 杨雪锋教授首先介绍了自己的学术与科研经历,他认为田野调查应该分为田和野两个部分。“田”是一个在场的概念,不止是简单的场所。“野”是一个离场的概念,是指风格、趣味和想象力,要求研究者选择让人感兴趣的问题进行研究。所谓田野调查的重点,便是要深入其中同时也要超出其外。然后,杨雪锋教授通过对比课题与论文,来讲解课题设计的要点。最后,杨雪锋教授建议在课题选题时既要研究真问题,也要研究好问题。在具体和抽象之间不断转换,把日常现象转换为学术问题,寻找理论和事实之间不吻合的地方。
····················
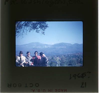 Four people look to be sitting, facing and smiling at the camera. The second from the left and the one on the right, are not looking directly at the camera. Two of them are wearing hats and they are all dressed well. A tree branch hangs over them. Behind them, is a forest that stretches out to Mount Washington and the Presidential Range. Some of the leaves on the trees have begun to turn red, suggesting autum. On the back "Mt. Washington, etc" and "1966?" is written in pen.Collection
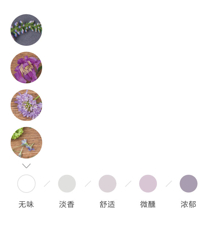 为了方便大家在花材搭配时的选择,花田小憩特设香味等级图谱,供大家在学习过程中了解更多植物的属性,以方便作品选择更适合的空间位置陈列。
····················
### TASK OBJECTIVE
Go back to the listing above and reproduce, exactly, the stretch from the line bearing "Four people look" through the line bearing "为了方便大家在花材搭配时的选", without its pictures.

### TASK RESPONSE
 Four people look to be sitting, facing and smiling at the camera. The second from the left and the one on the right, are not looking directly at the camera. Two of them are wearing hats and they are all dressed well. A tree branch hangs over them. Behind them, is a forest that stretches out to Mount Washington and the Presidential Range. Some of the leaves on the trees have begun to turn red, suggesting autum. On the back "Mt. Washington, etc" and "1966?" is written in pen.Collection
 为了方便大家在花材搭配时的选择,花田小憩特设香味等级图谱,供大家在学习过程中了解更多植物的属性,以方便作品选择更适合的空间位置陈列。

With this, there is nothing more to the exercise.